--- START ---

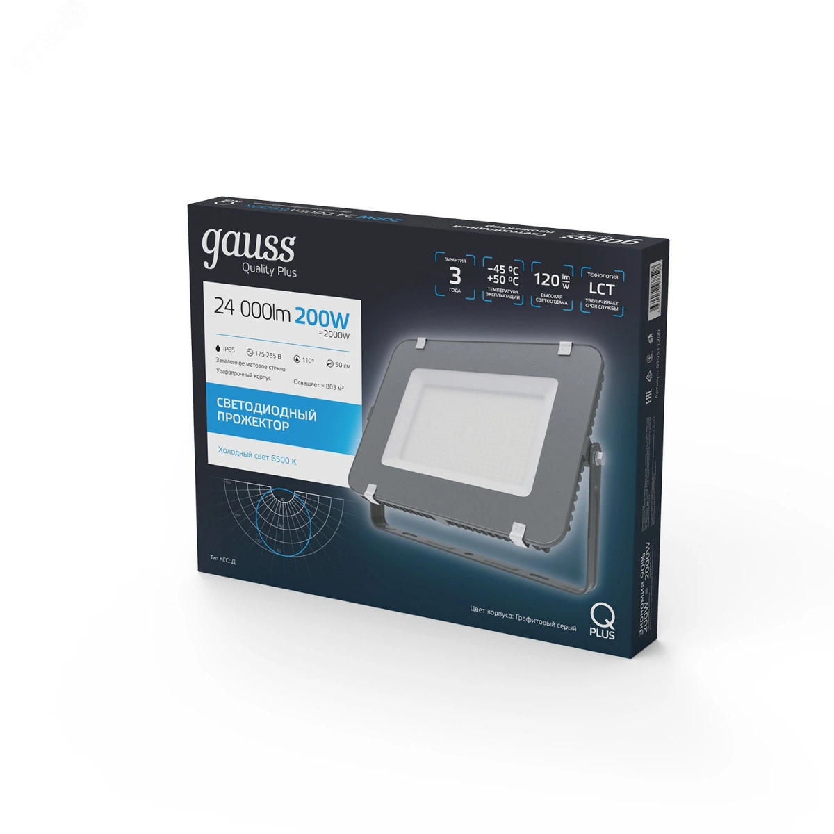 Прожектор светодиодный ДО 200 Вт 6500К 21000 лм 175-265В IP65 290х32х400мм Алюминий матрированное закаленное стекло Qplus Gauss
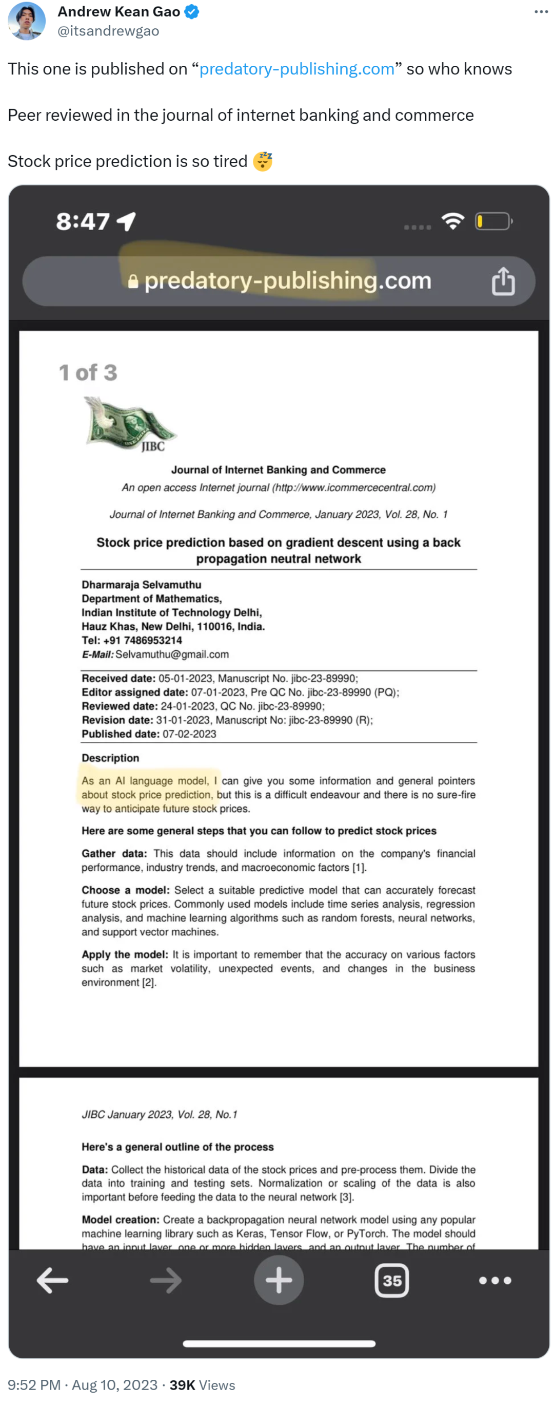 另外一篇经过同行评审、发表在《网络银行和商业杂志》上的论文,题目为《基于反向传播神经网络和梯度下降的股价预测》,同样有不存在的作者 ——ChatGPT。
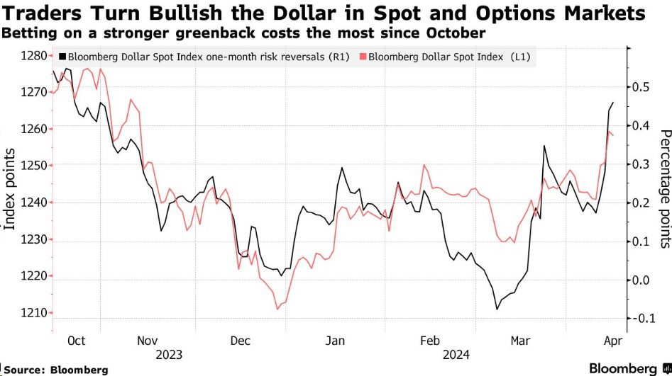 衡量未来一个月主要货币对冲波动的指标已跃升至1月以来的最高水平。最新一轮波动是由伊朗对以色列的攻击引发的。在此之前,美国上周公布的强劲通胀数据引发了人们的猜测,即美联储将不得不在更长时间内保持货币紧缩政策。
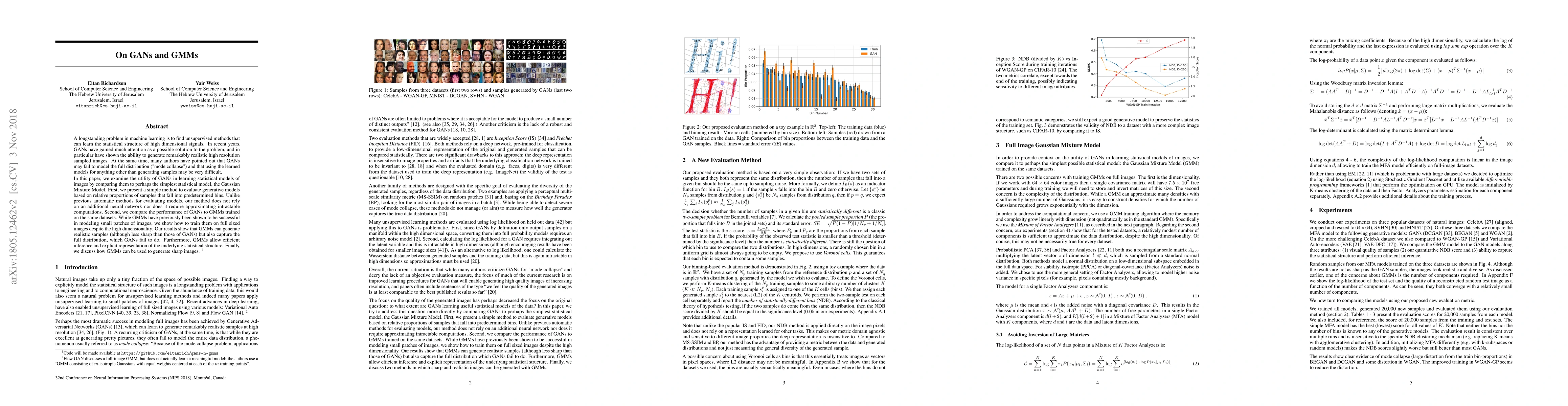 A longstanding problem in machine learning is to find unsupervised methods that can learn the statistical structure of high dimensional signals. In recent years, GANs have gained much attention as a possible solution to the problem, and in particular have shown the ability to generate remarkably realistic high resolution sampled images. At the same time, many authors have pointed out that GANs may fail to model the full distribution ("mode collapse") and that using the learned models for anything other than generating samples may be very difficult. In this paper, we examine the utility of GANs in learning statistical models of images by comparing them to perhaps the simplest statistical model, the Gaussian Mixture Model. First, we present a simple method to evaluate generative models based on relative proportions of samples that fall into predetermined bins. Unlike previous automatic methods for evaluating models, our method does not rely on an additional neural network nor does it require approximating intractable computations. Second, we compare the performance of GANs to GMMs trained on the same datasets. While GMMs have previously been shown to be successful in modeling small patches of images, we show how to train them on full sized images despite the high dimensionality. Our results show that GMMs can generate realistic samples (although less sharp than those of GANs) but also capture the full distribution, which GANs fail to do. Furthermore, GMMs allow efficient inference and explicit representation of the underlying statistical structure. Finally, we discuss how GMMs can be used to generate sharp images.
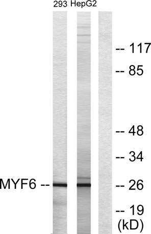 The antiserum was produced against synthesized peptide derived from human MYF6. AA range:116-165
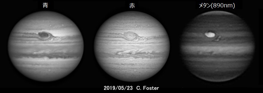 メタンバンドと呼ばれる波長890nmの赤外線だけを通すフィルターで撮像された画像も重要です。 木星大気に含まれるメタン分子は、890nmの光を吸収する性質があります。 木星の高い所にある雲は、太陽光が木星大気を通過する長さが短いので吸収量が小さく、低い雲では反対に吸収量が大きくなります。 したがって、波長890nmによる木星像の明暗は、雲の高低を反映し、高い雲は明るく、低い雲は暗く見えるのです。
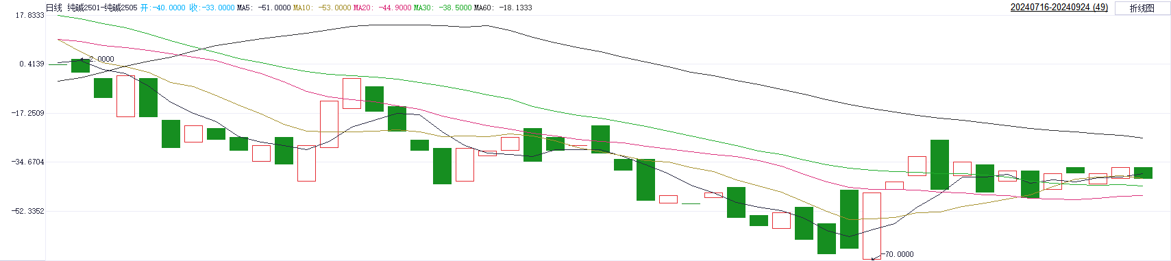 操作策略:空01多05纯碱,为跨期套利交易策略,可适当关注。最新差价-41若上破-22则取消关注。
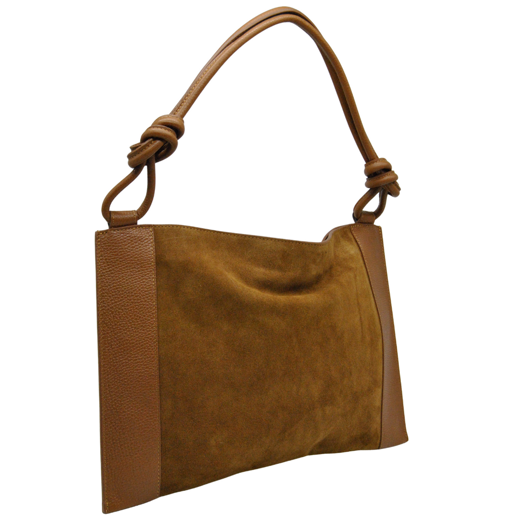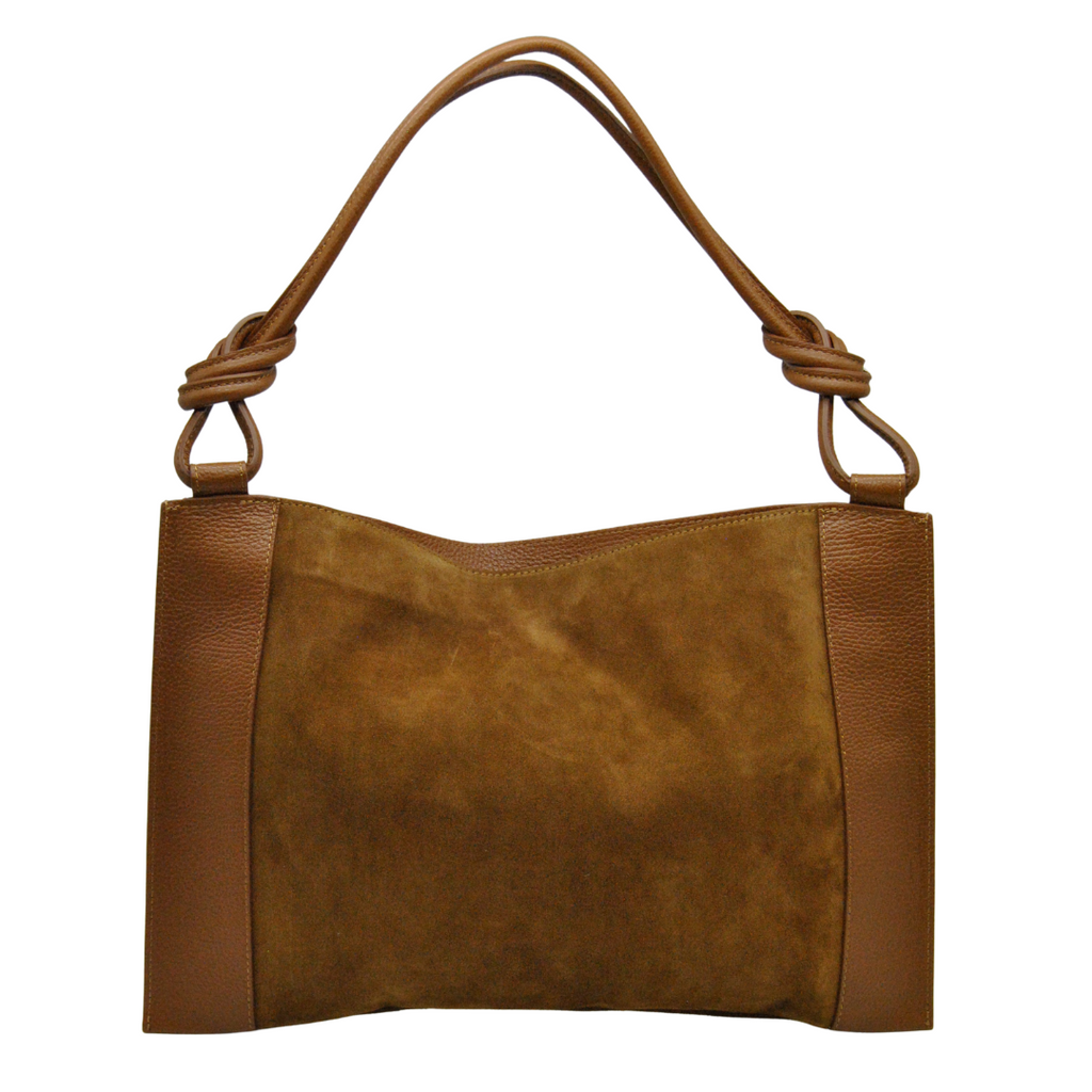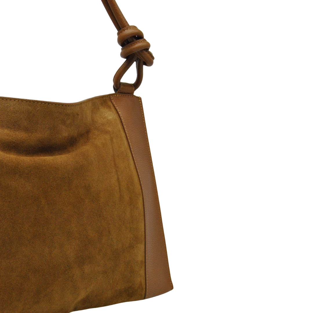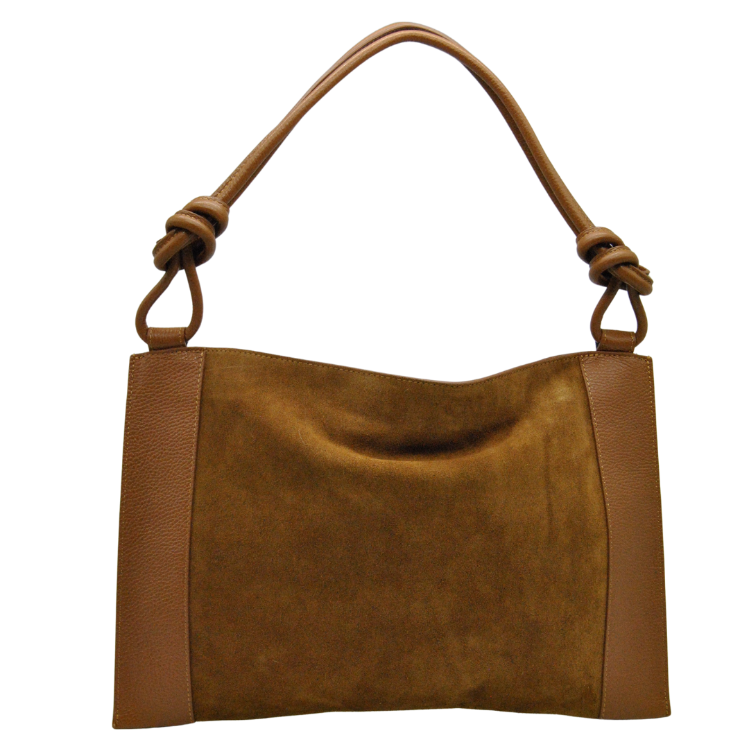 Sac en daim avec empiècements en cuir.
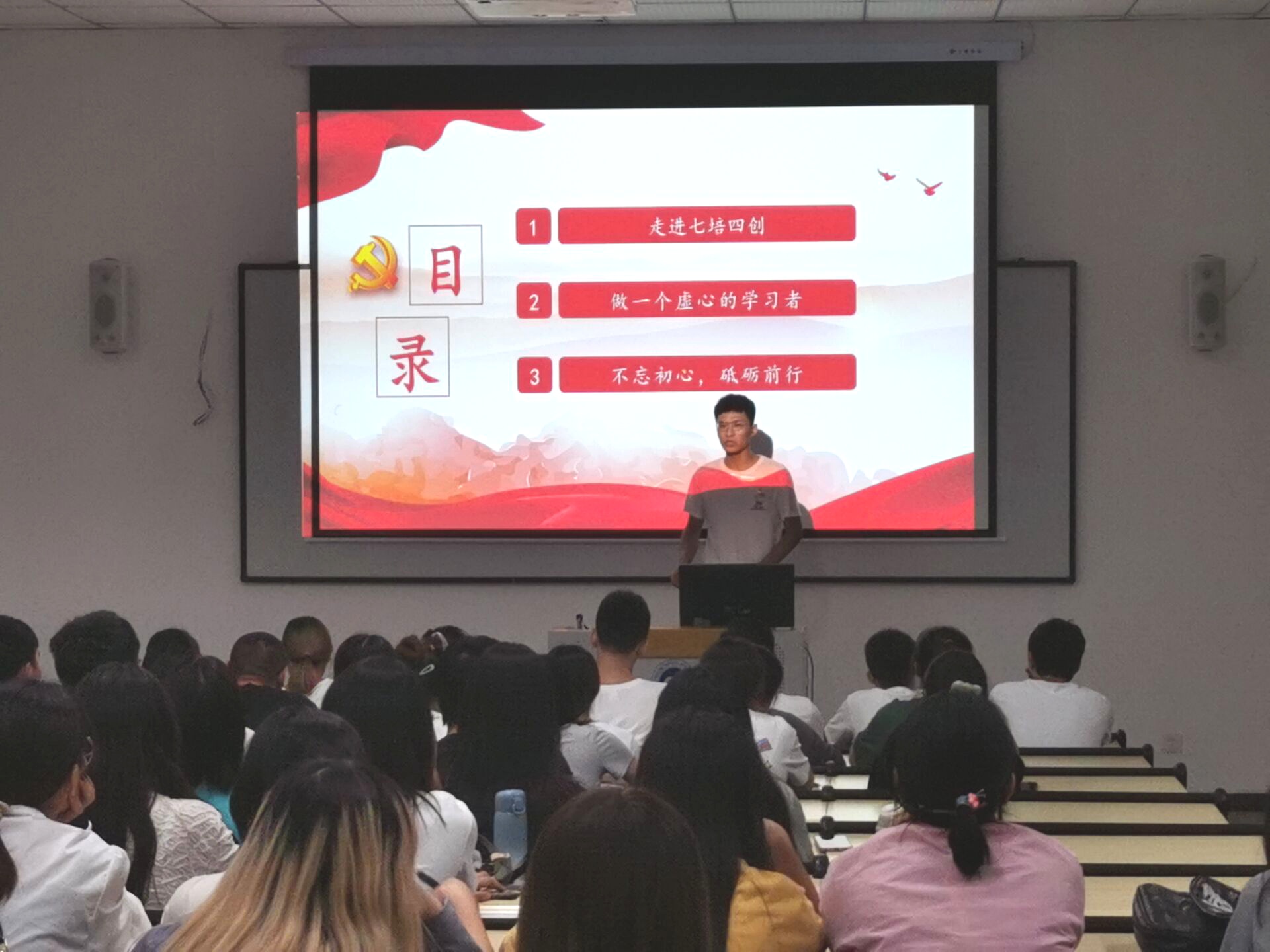 新学期新面貌,为进一步深化新时代学生党员理想信念,帮助学生党员坚定共产主义信念。2021年9月6日20:30,管理学院学生党员实践教育中心于6202教室开展了“开学第一课”主题活动。本次会议由管理学院学生党员实践教育中心教育培训部负责人邓海涛主持,参加本次会议的有管理学院各学生党支部的预备党员以及管理学院学生党员实践教育中心全体成员。
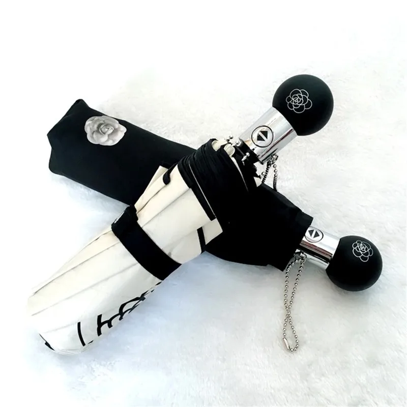 Складной автоматический зонт от ветра и дождя для женщин и мужчин, зонтик люксового бренда с черным покрытием
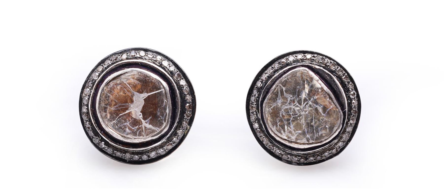Antique Indian Gold Topped Silver & Diamond Earrings containing diamonds weighing approximately 1.2 cts. Total weight of 4.9 gm. Estimated retail value $680.

--- END ---

## REQUIREMENT:
Line by line, output the material above exactly, passing over the pictures.

## EXERCISE SOLUTION:
 Прожектор светодиодный ДО 200 Вт 6500К 21000 лм 175-265В IP65 290х32х400мм Алюминий матрированное закаленное стекло Qplus Gauss
 另外一篇经过同行评审、发表在《网络银行和商业杂志》上的论文,题目为《基于反向传播神经网络和梯度下降的股价预测》,同样有不存在的作者 ——ChatGPT。
 衡量未来一个月主要货币对冲波动的指标已跃升至1月以来的最高水平。最新一轮波动是由伊朗对以色列的攻击引发的。在此之前,美国上周公布的强劲通胀数据引发了人们的猜测,即美联储将不得不在更长时间内保持货币紧缩政策。
 A longstanding problem in machine learning is to find unsupervised methods that can learn the statistical structure of high dimensional signals. In recent years, GANs have gained much attention as a possible solution to the problem, and in particular have shown the ability to generate remarkably realistic high resolution sampled images. At the same time, many authors have pointed out that GANs may fail to model the full distribution ("mode collapse") and that using the learned models for anything other than generating samples may be very difficult. In this paper, we examine the utility of GANs in learning statistical models of images by comparing them to perhaps the simplest statistical model, the Gaussian Mixture Model. First, we present a simple method to evaluate generative models based on relative proportions of samples that fall into predetermined bins. Unlike previous automatic methods for evaluating models, our method does not rely on an additional neural network nor does it require approximating intractable computations. Second, we compare the performance of GANs to GMMs trained on the same datasets. While GMMs have previously been shown to be successful in modeling small patches of images, we show how to train them on full sized images despite the high dimensionality. Our results show that GMMs can generate realistic samples (although less sharp than those of GANs) but also capture the full distribution, which GANs fail to do. Furthermore, GMMs allow efficient inference and explicit representation of the underlying statistical structure. Finally, we discuss how GMMs can be used to generate sharp images.
 The antiserum was produced against synthesized peptide derived from human MYF6. AA range:116-165
 メタンバンドと呼ばれる波長890nmの赤外線だけを通すフィルターで撮像された画像も重要です。 木星大気に含まれるメタン分子は、890nmの光を吸収する性質があります。 木星の高い所にある雲は、太陽光が木星大気を通過する長さが短いので吸収量が小さく、低い雲では反対に吸収量が大きくなります。 したがって、波長890nmによる木星像の明暗は、雲の高低を反映し、高い雲は明るく、低い雲は暗く見えるのです。
 操作策略:空01多05纯碱,为跨期套利交易策略,可适当关注。最新差价-41若上破-22则取消关注。
 Sac en daim avec empiècements en cuir.
 新学期新面貌,为进一步深化新时代学生党员理想信念,帮助学生党员坚定共产主义信念。2021年9月6日20:30,管理学院学生党员实践教育中心于6202教室开展了“开学第一课”主题活动。本次会议由管理学院学生党员实践教育中心教育培训部负责人邓海涛主持,参加本次会议的有管理学院各学生党支部的预备党员以及管理学院学生党员实践教育中心全体成员。
 Складной автоматический зонт от ветра и дождя для женщин и мужчин, зонтик люксового бренда с черным покрытием
Antique Indian Gold Topped Silver & Diamond Earrings containing diamonds weighing approximately 1.2 cts. Total weight of 4.9 gm. Estimated retail value $680.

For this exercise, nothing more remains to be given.